■ **WHAT YOU SHOULD DO**
For the listing that follows, give again exactly the lines from the one with "We prove the" to the one with "NATURAL COLOR WHITE", including both.

■ **THE DATA**
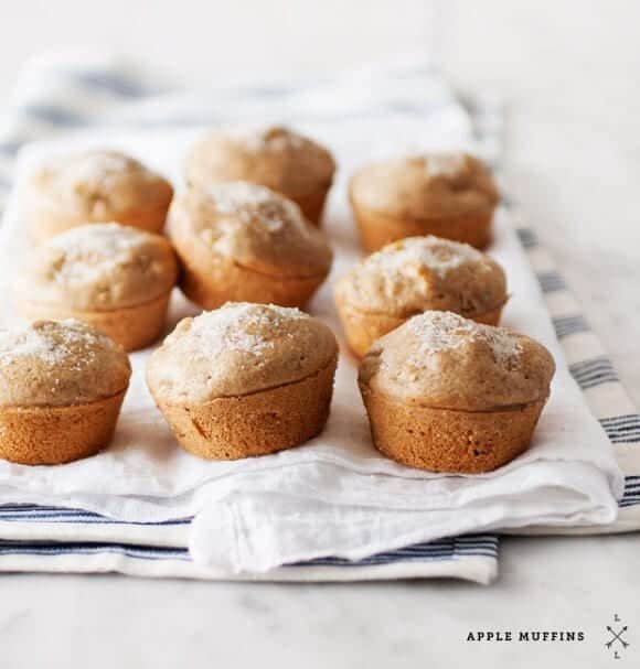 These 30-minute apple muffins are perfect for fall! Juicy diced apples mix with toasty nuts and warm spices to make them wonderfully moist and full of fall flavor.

...

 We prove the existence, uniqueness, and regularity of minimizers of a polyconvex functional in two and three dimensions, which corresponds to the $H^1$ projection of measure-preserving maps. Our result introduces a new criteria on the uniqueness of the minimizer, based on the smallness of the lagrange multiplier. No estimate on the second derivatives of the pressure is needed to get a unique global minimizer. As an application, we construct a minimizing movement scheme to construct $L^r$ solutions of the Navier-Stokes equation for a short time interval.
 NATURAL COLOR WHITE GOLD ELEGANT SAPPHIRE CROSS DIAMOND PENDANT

■ **TASK OUTPUT**
 We prove the existence, uniqueness, and regularity of minimizers of a polyconvex functional in two and three dimensions, which corresponds to the $H^1$ projection of measure-preserving maps. Our result introduces a new criteria on the uniqueness of the minimizer, based on the smallness of the lagrange multiplier. No estimate on the second derivatives of the pressure is needed to get a unique global minimizer. As an application, we construct a minimizing movement scheme to construct $L^r$ solutions of the Navier-Stokes equation for a short time interval.
 NATURAL COLOR WHITE GOLD ELEGANT SAPPHIRE CROSS DIAMOND PENDANT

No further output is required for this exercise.